Михаил Евгеньевич победоносно махал руками в воздухе, тогда как недавно подошедший Николай Прокопьевич со вздохом теребил в кармане сюртука скомканную бумажку… Увы, его ухищрения не помогли: ни камень, ни записка, ни оставленные лазутчицей пирожки. Вот как теперь предстать перед губернатором? Как оправдаться? Отчитает ведь…
Ввиду того, что Иван Андреевич временно не мог встать с места, приз поднесли непосредственно ему под нос. Победитель с трудом поднял руку, чтобы принять подарок, и со злорадством поглядел на поверженного соперника.

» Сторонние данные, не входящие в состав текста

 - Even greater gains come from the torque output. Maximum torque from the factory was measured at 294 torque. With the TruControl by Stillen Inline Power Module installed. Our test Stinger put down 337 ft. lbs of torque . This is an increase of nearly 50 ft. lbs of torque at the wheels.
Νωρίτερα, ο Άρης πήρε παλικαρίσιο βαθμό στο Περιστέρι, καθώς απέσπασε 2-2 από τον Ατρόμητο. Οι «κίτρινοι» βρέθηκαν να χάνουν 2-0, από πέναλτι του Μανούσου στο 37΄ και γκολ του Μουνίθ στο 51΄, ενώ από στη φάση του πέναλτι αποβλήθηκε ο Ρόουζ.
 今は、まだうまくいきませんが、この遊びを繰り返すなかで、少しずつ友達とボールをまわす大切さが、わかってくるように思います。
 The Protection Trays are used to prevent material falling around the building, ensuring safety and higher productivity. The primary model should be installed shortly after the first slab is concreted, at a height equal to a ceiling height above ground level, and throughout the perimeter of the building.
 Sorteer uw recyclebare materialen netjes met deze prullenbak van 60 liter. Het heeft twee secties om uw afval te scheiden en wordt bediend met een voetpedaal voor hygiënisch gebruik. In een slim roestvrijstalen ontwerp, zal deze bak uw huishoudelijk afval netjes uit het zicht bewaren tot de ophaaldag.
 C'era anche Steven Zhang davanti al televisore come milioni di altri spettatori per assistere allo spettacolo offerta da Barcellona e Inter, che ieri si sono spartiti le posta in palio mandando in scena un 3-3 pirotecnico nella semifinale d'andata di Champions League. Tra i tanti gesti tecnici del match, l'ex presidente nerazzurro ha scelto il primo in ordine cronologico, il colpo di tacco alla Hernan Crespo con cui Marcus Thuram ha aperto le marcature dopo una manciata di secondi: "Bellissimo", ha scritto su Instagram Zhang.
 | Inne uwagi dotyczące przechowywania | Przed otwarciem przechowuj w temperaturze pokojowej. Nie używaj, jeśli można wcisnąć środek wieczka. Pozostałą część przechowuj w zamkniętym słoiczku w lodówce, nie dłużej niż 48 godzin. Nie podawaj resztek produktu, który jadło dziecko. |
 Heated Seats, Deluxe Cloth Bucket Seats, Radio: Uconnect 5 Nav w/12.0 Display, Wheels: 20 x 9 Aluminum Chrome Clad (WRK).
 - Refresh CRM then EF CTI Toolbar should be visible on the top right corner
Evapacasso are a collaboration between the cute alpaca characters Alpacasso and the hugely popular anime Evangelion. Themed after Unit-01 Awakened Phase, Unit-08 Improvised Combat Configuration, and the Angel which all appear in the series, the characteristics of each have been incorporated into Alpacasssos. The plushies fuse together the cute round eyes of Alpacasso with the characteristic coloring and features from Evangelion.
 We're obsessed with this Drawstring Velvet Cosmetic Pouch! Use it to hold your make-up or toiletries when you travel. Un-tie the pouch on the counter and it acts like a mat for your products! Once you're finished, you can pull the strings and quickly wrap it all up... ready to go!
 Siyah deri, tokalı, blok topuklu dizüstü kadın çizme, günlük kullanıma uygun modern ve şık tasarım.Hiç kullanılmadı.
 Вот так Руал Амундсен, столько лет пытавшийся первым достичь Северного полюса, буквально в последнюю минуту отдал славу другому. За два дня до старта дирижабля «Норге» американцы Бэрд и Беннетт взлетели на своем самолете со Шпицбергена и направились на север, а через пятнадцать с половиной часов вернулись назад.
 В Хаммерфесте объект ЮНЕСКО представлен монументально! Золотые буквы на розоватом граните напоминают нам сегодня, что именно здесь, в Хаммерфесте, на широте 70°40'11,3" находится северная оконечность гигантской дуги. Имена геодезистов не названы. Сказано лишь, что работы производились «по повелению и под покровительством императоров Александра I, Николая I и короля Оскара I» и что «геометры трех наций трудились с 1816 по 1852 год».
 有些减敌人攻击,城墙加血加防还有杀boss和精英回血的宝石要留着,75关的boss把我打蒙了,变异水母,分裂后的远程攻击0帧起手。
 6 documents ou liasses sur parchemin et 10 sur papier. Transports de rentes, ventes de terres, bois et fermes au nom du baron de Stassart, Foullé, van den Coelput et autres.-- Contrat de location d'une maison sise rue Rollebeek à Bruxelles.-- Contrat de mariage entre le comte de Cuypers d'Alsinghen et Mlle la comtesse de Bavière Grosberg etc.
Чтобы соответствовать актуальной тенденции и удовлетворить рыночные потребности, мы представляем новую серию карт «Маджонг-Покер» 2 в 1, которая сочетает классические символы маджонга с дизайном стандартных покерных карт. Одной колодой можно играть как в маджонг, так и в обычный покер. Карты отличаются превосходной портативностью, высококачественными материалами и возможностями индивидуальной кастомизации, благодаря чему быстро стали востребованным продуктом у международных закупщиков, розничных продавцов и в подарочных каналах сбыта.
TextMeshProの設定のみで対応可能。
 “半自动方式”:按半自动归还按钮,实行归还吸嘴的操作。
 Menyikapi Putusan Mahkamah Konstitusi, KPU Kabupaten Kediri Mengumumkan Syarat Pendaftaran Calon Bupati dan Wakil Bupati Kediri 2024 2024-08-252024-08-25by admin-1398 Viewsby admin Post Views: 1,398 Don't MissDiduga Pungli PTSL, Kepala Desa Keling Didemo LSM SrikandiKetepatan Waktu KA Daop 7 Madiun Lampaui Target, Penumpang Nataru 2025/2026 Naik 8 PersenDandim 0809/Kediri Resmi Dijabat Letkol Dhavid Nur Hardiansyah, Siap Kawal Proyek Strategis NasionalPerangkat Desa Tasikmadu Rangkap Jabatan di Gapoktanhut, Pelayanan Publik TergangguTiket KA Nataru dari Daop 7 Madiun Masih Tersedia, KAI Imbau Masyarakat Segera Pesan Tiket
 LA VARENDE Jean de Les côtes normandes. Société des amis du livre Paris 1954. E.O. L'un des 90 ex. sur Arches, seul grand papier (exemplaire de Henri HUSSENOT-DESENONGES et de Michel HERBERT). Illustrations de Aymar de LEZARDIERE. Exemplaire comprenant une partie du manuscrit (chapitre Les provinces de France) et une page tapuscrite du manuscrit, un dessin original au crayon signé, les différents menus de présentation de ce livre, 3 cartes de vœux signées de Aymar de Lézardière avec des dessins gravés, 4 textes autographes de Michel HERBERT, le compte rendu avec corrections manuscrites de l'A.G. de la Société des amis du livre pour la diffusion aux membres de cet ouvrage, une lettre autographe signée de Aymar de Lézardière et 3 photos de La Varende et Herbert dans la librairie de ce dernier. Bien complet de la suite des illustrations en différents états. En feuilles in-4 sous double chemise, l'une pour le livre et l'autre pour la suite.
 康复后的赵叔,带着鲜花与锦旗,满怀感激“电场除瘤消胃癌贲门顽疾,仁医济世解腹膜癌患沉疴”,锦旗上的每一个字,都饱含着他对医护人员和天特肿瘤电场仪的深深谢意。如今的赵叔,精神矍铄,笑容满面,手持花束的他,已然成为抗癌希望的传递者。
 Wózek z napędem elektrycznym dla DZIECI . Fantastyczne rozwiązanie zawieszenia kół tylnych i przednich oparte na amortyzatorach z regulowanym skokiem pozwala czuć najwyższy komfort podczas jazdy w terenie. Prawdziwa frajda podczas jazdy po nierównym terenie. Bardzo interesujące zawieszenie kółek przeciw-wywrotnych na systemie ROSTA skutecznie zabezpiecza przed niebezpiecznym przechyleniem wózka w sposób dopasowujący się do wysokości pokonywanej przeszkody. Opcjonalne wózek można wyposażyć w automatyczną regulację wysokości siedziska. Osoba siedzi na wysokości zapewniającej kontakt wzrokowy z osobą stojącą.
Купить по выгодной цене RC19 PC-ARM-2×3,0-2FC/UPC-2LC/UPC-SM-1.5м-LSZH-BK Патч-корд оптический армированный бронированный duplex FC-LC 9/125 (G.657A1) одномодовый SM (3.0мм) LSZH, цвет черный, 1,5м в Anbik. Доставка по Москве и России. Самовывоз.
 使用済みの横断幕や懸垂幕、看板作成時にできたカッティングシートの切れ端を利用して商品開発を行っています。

Вдруг из толпы вынырнул седобородый старичок с тарелкой ухи в руках.
– Подождите! Еще не все! Не все! – закричал он, ковыляя к лежащей в сытом обмороке собаке. – Сейчас мой Фока еще скушает… Сейчас он встанет. Мы еще не проиграли!
Пес, услышав голос хозяина, открыл глаза и с ужасом уставился на приближающуюся к нему уху. В его голове пронеслась мысль, в переводе на человеческий язык означающая: «Караул!» Кое-как сгруппировавшись, Фока медленно попятился.
– Ну, куда же ты, Фокушка? На, ухи поешь… Всего одну тарелочку… Ну, пожалуйста, – отчаянно молил старик, пытаясь догнать питомца.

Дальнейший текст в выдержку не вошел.